Records excerpted from a collection:

# # #

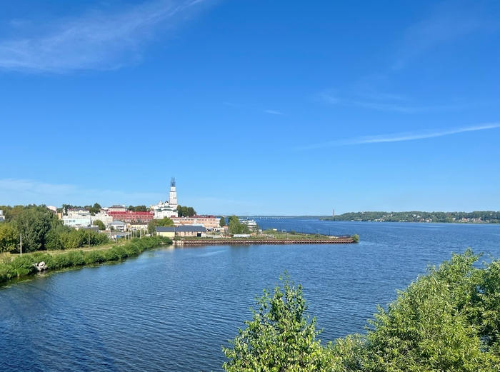 В Кинешме тоже есть колокольня, и достаточно высокая. Но она на реставрации, поэтому виды сильно страдают, поскольку сама башня затянута в строительные леса.
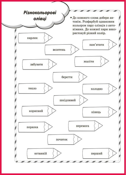 Завдання: до кожного слова добери антонім. Розфарбуй однаковим кольором пару олівців з антонімами. До кожної пари використовуй різний колір.
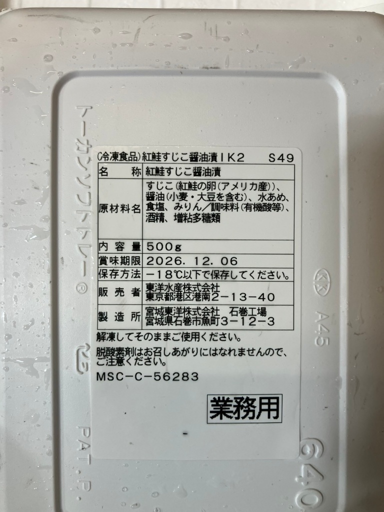 決算特価の紅鮭すじこ醤油漬けのご案内です。 ブランド:宮城東洋 賞味:26年12月11日以降 備考: おにぎり向けに製造された物で味付け濃く柔らかめです。 安い理由は決算の為です。
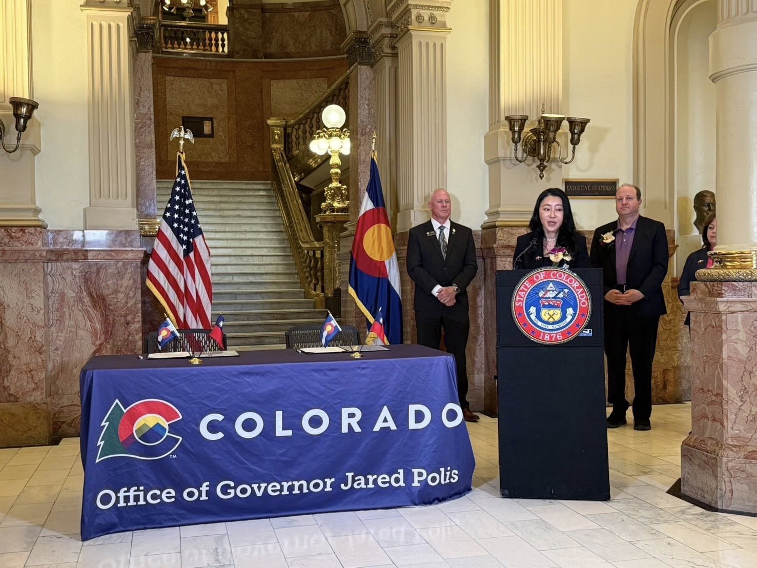 The MOU was signed by Director General Debby Huang and Governor Jared Polis, in the presence of state legislative leaders, government officials, members of the media, and community representatives.
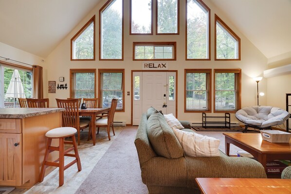 Enjoy easy access to outdoor recreation and Arrowhead Lake at this beautiful 3-bedroom, 2-bathroom Pocono vacation chalet. This mountain chalet boasts 1400 square feet of well-appointed living space, with a furnished deck and propane BBQ grill. Guests are invited to settle in for a retreat of a lifetime! (Community fees are extra and mandatory, details below)
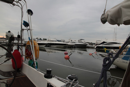 * Autopilottimme on ajanut aina (alle 10 vuotta sitten hankittu) vähemmän tai enemmän mutkitellen. Tänä keväänä hankimme siihen ruorikulma-anturan, jonka piti auttaa asiaan, vaan eipä tuntunut auttavan. Suomen puolelle palattuamme Ari soitti maahantuojalle ja sai ohjeen, miten se pitää "ottaa käyttöön" eli ohjausyksikön valikoista valita ensin jokin muu autopilottityyppi ja sitten valita uudelleen oikea tyyppi. Kun Ari oli tämän tehnyt, niin jopa muuttui kulku suoremmaksi.
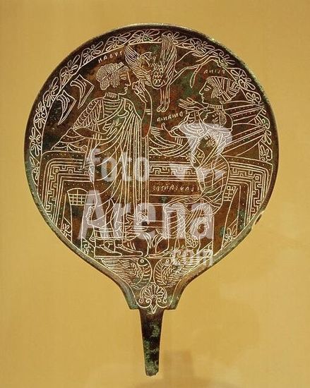 akg969188 Etruskisch, 5. Jahrhundert v.Chr.-Spiegel mit Paris und Helena.-Bronze, H. 22,5 cm, Dm. 16 cm. Herkunft: Praeneste (Palestrina, Latium). Inv.Nr. 16691. Museum: Museo Nazionale di Villa Giulia., Rome.
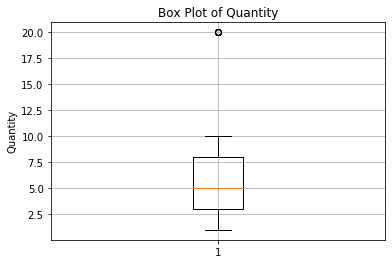 plt.title('Box Plot of Quantity')
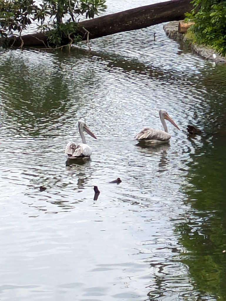 were ducks with a yellow or orange on their beaks, cormorants – one of them spreading its wings like the angel of the north – cormorants are the same the world over, flamingoes, herons and something I had not associated with India prior to 2010, pelicans. I entered a children’s playground to take pictures and then the Bala Hanuman Temple
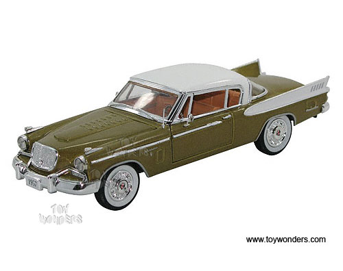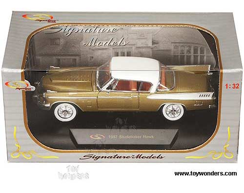 32399G SIGNATURE MODELS - 1957 Studebaker Hawk Hardtop. 1:32 scale diecast collectible model car. This 1957 Studebaker Hawk is a 6.5"L x 2"W x 1.5"H diecast classic car with openable hood and doors. Sits on a display plaque. This 1957 Studebaker Hawk is manufactured by Signature Models; ref. no. 32399G in GOLD color with White top. Individually packed in a window box. Window Box size: 8"L x 4.25"W x 3.75"H.

# # #

From the first line to the last, write out the data above exactly. Omit the pictures.

 В Кинешме тоже есть колокольня, и достаточно высокая. Но она на реставрации, поэтому виды сильно страдают, поскольку сама башня затянута в строительные леса.
 Завдання: до кожного слова добери антонім. Розфарбуй однаковим кольором пару олівців з антонімами. До кожної пари використовуй різний колір.
 決算特価の紅鮭すじこ醤油漬けのご案内です。 ブランド:宮城東洋 賞味:26年12月11日以降 備考: おにぎり向けに製造された物で味付け濃く柔らかめです。 安い理由は決算の為です。
 The MOU was signed by Director General Debby Huang and Governor Jared Polis, in the presence of state legislative leaders, government officials, members of the media, and community representatives.
 Enjoy easy access to outdoor recreation and Arrowhead Lake at this beautiful 3-bedroom, 2-bathroom Pocono vacation chalet. This mountain chalet boasts 1400 square feet of well-appointed living space, with a furnished deck and propane BBQ grill. Guests are invited to settle in for a retreat of a lifetime! (Community fees are extra and mandatory, details below)
 * Autopilottimme on ajanut aina (alle 10 vuotta sitten hankittu) vähemmän tai enemmän mutkitellen. Tänä keväänä hankimme siihen ruorikulma-anturan, jonka piti auttaa asiaan, vaan eipä tuntunut auttavan. Suomen puolelle palattuamme Ari soitti maahantuojalle ja sai ohjeen, miten se pitää "ottaa käyttöön" eli ohjausyksikön valikoista valita ensin jokin muu autopilottityyppi ja sitten valita uudelleen oikea tyyppi. Kun Ari oli tämän tehnyt, niin jopa muuttui kulku suoremmaksi.
 akg969188 Etruskisch, 5. Jahrhundert v.Chr.-Spiegel mit Paris und Helena.-Bronze, H. 22,5 cm, Dm. 16 cm. Herkunft: Praeneste (Palestrina, Latium). Inv.Nr. 16691. Museum: Museo Nazionale di Villa Giulia., Rome.
 plt.title('Box Plot of Quantity')
 were ducks with a yellow or orange on their beaks, cormorants – one of them spreading its wings like the angel of the north – cormorants are the same the world over, flamingoes, herons and something I had not associated with India prior to 2010, pelicans. I entered a children’s playground to take pictures and then the Bala Hanuman Temple
 32399G SIGNATURE MODELS - 1957 Studebaker Hawk Hardtop. 1:32 scale diecast collectible model car. This 1957 Studebaker Hawk is a 6.5"L x 2"W x 1.5"H diecast classic car with openable hood and doors. Sits on a display plaque. This 1957 Studebaker Hawk is manufactured by Signature Models; ref. no. 32399G in GOLD color with White top. Individually packed in a window box. Window Box size: 8"L x 4.25"W x 3.75"H.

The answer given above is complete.